CD-FSS faces performance degradation when domain shifts separate source and target label spaces. DMTNet tackles this with SMT to derive query-specific, self-derived domain-agnostic features and DHC to exploit both foreground and background hypercorrelations, complemented by TSF for test-time adaptation. The approach achieves state-of-the-art MIoU on four diverse datasets in both 1-shot and 5-shot settings, confirming improved generalization and robustness to intra-class appearance variation. The combination of self-guided transformation, dual correlation learning, and lightweight test-time finetuning offers a practical framework for cross-domain segmentation with minimal support data.

Abstract

Cross-Domain Few-shot Semantic Segmentation (CD-FSS) aims to train generalized models that can segment classes from different domains with a few labeled images. Previous works have proven the effectiveness of feature transformation in addressing CD-FSS. However, they completely rely on support images for feature transformation, and repeatedly utilizing a few support images for each class may easily lead to overfitting and overlooking intra-class appearance differences. In this paper, we propose a Doubly Matching Transformation-based Network (DMTNet) to solve the above issue. Instead of completely relying on support images, we propose Self-Matching Transformation (SMT) to construct query-specific transformation matrices based on query images themselves to transform domain-specific query features into domain-agnostic ones. Calculating query-specific transformation matrices can prevent overfitting, especially for the meta-testing stage where only one or several images are used as support images to segment hundreds or thousands of images. After obtaining domain-agnostic features, we exploit a Dual Hypercorrelation Construction (DHC) module to explore the hypercorrelations between the query image with the foreground and background of the support image, based on which foreground and background prediction maps are generated and supervised, respectively, to enhance the segmentation result.
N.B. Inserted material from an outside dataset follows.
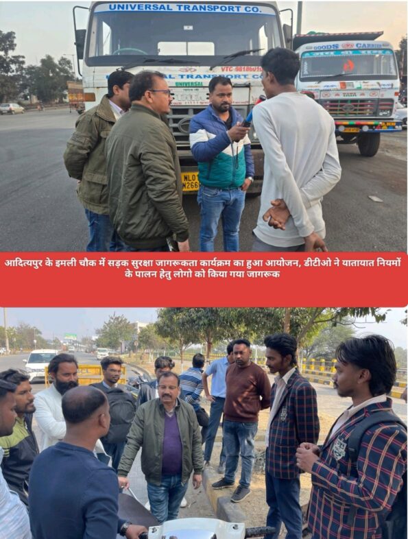 Saraikela (संजीव मेहता): राष्ट्रीय सड़क सुरक्षा माह–2026 के अंतर्गत आज गम्हरिया प्रखंड के आदित्यपुर नगर क्षेत्र स्थित इमली चौक में जिला परिवहन पदाधिकारी गिरजा शंकर महतो के नेतृत्व में सड़क सुरक्षा जागरूकता कार्यक्रम का आयोजन किया गया. कार्यक्रम का उद्देश्य आम जनमानस को सड़क सुरक्षा एवं यातायात नियमों के प्रति जागरूक करना तथा सड़क दुर्घटनाओं में प्रभावी कमी लाना था. इस अवसर पर नुक्कड़ नाटक के माध्यम से आम नागरिकों एवं वाहन चालकों को ड्राइविंग लाइसेंस के बिना वाहन चलाने, असुरक्षित एवं लापरवाह वाहन चालन तथा यातायात नियमों के उल्लंघन से होने वाले दुष्परिणामों के संबंध में जागरूक किया गया. साथ ही हिट एंड रन मामलों से संबंधित विधिक प्रावधान, गुड समैरिटन कानून तथा मोटरयान अधिनियम के अंतर्गत दंडात्मक प्रावधानों की जानकारी सरल एवं प्रभावी ढंग से दी गई. इस क्रम में यातायात नियमों का उल्लंघन करने वाले वाहन चालकों की काउंसलिंग की गई तथा मौके पर ऑनलाइन चालान की कार्रवाई भी की गई.

In addition, we propose a Test-time Self-Finetuning (TSF) strategy to more accurately self-tune the query prediction in unseen domains. Extensive experiments on four popular datasets show that DMTNet achieves superior performance over state-of-the-art approaches. Code is available at https://github.com/ChenJiayi68/DMTNet.

Figures (4)

• Figure 1: Overall architecture of the proposed DMTNet. After obtaining the pyramid features of support and query images, Self-Matching Transformation module (SMT) learns each image a self-adaptive transformation matrix, to transform its domain-specific features into domain-agnostic ones. Then, the Dual Hypercorrelation Construction (DHC) module is introduced to construct dense correlations between the query image with both the foreground and background of the support image. In the meta-testing stage, the Test-time Self-Finetuning (TSF) strategy fine-tunes a few parameters of the encoder to further improve the segmentation performance.
• Figure 2: Qualitative results on the ISIC, Chest X-ray, Deepglobe, and FSS-1000 datasets under the 1-shot setting. The blue parts represent support masks and the red parts represent query masks and query predictions.
• Figure 3: Qualitative results w.r.t. SMT, DHC, and TSF. The first two columns show the ground truth of the support and query images. The third column shows the predicted masks of DMTNet. The fourth column shows the prediction masks without the TSF. The last column shows the prediction masks without DHC and TSF modules.
• Figure 4: Visualization results w.r.t. SMT. The first and second rows represent the feature distributions before and after applying SMT, respectively. The red dots represent the PASCAL VOC dataset and the blue dots represent the ISIC or FSS-1000 datasets.